Puoi lavorare sulla customizzazione almeno in 3 fronti ambiti:

  • Prodotti
    Un trend che sembra accomunare molti negozianti (da un’indagine di ZooMark e Assalco), iniziato da qualche anno a questa parte e confermato nel recente passato, è la tendenza di concentrarsi sugli accessori a discapito dei mangimi. In tal senso, sei constretto ad operare delle scelte sul suo catalogo della merce che esponi. Le migliori scelte, a mio modo di vedere, dovrebbero premiare quei prodotti di cui hai ampia profondità di catalogo, più che larghezza. Per dirla in altri termini: meglio avere meno prodotti con innumerevoli varianti, piuttosto che tanti prodotti con poche varianti per ciascuno. Con un catalogo molto profondo, è facile che il cliente trovi ciò che preferisce (il colore che dona alla sua cagnolina, che sia in tinta con il nuovo cappottino, ecc.). Alla profondità di catalogo, che sembra un po’ “surrogato” della customizzazione, andrebbe accostato il mondo della personalizzazione sul punto di vendita.
    Nel caso dei nostri clienti, per esempio, abbiamo constatato che la immediata personalizzazione della targhetta per cane fa crescere di gran lunga il numero di vendite, se messa a confronto con la personalizzazione posticipata a seguito di un ordine raccolto dal negoziante.
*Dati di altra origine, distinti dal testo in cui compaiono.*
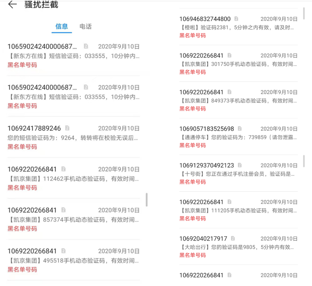 她发来的截图显示,仅2020年9月10号这天,她就收到了来自不同发送方的六十多条验证码。这还不是全部,她时常接到催债电话,“有一次我说号码换人了,他可能一听是个小姑娘就跟我兜圈子,骚扰我,被我痛骂一顿挂了。太心酸了,后来我就没用那个号码了。”

Avere, quindi, la possibilità di proporre un accessorio che venga personalizzato immediatamente stimola le vendite e la fidelizzazione del cliente. Dove possibile, quindi, opta per quei prodotti che ti danno accesso a questi benefit, quando disponibile.

  • Servizi
    Anche quello dei servizi (in particolare di dog sitting e toelettatura) sembra rappresentare un trend tra i commercianti tuoi colleghi. La personalizzazione dei servizi, per chi li eroga, è un po’ croce e un po’ delizia. Personalizzare un servizio è davvero semplice, se viene fatto su una scala ridotta di clienti. Al crescere degli utilizzatori di un servizio personalizzato - come la consegna a domicilio - diventa però importante per chi lo eroga saperlo fare conservando l’utile (utile = prezzo pagato dal cliente - costo per erogare il servizio). I servizi, poi, dovrebbero essere organizzati tenendo presente il cliente target a cui si riferiscono. Ha senso un servizio di “consulenza alimentare” ad un cliente che acquista il suo quarto pet? e un servizio a domicilio, quale raggio d’azione può aver senso che abbia? tutte riflessioni che dovrebbero essere condotte prima ancora di rendere disponibile il servizio alla clientela.

  • Esperienza di acquisto
    E’ consuetudine che i bravi baristi ricordino la consumazione preferita dei loro clienti abituali. Ce ne accorgiamo in Italia quando, al bancone del bar in attesa del nostro espresso, sentiamo il barista salutare l’ing. Rossi con un simpatico “Il solito?”.  Quello che il barista sta facendo, è personalizzare l’”esperienza di acquisto” del suo cliente. Le aziende, solitamente, per poter riuscire in questa iniziativa si dotano di software appositi (detti CRM, che sta per Customer Relationship Management) che diventano tanto più importanti, quanto più il numero di clienti si fa grande. Online si trovano molti CRM, anche gratuiti, che puoi pensare di adottare. Il CRM ti consente di personalizzare l’epserienza di acquisto del tuo cliente, appuntandoti il nome del suo amico peloso, le sue preferenze alimentari e la data della sua ultima visita in negozio. Organizzando i dati con esattezza, potrai inoltre rilevare dei raggruppamenti di clienti e scoprire quelli che sono da sviluppare o su cui conviene invece rimandare un’attività mirata. Per ottenere i dati dai tuoi clienti, hai molti modi a disposizione. Quello che negli ultimi anni si è diffuso su larga scale è quello relativo alla tessera fedeltà ma te ne possono venire in mente molti altri, pensandoci su un momento.

 

Conclusione

Quello della personalizzazione è un tema che dovrebbe stare a cuore a tutte le realtà che operano con il consumatore finale. La personalizzazione dei prodotti, naturalmente, passa dalla selezione dei fornitori che più di tutti hanno colto questa “abitudine di consumo”. Per ciò che concerne l’erogazione di serivizi personalizzati, invece, va posta la giusta attenzione per evitare che diventino un boomerang (sotto il profilo imprenditoriale).

Con la personalizzazione si dà modo al cliente di lasciare una sua traccia, un sengo che lo renda peculiare ed ineguagliabile e consenta di affermare con gratificazione la sua unicità.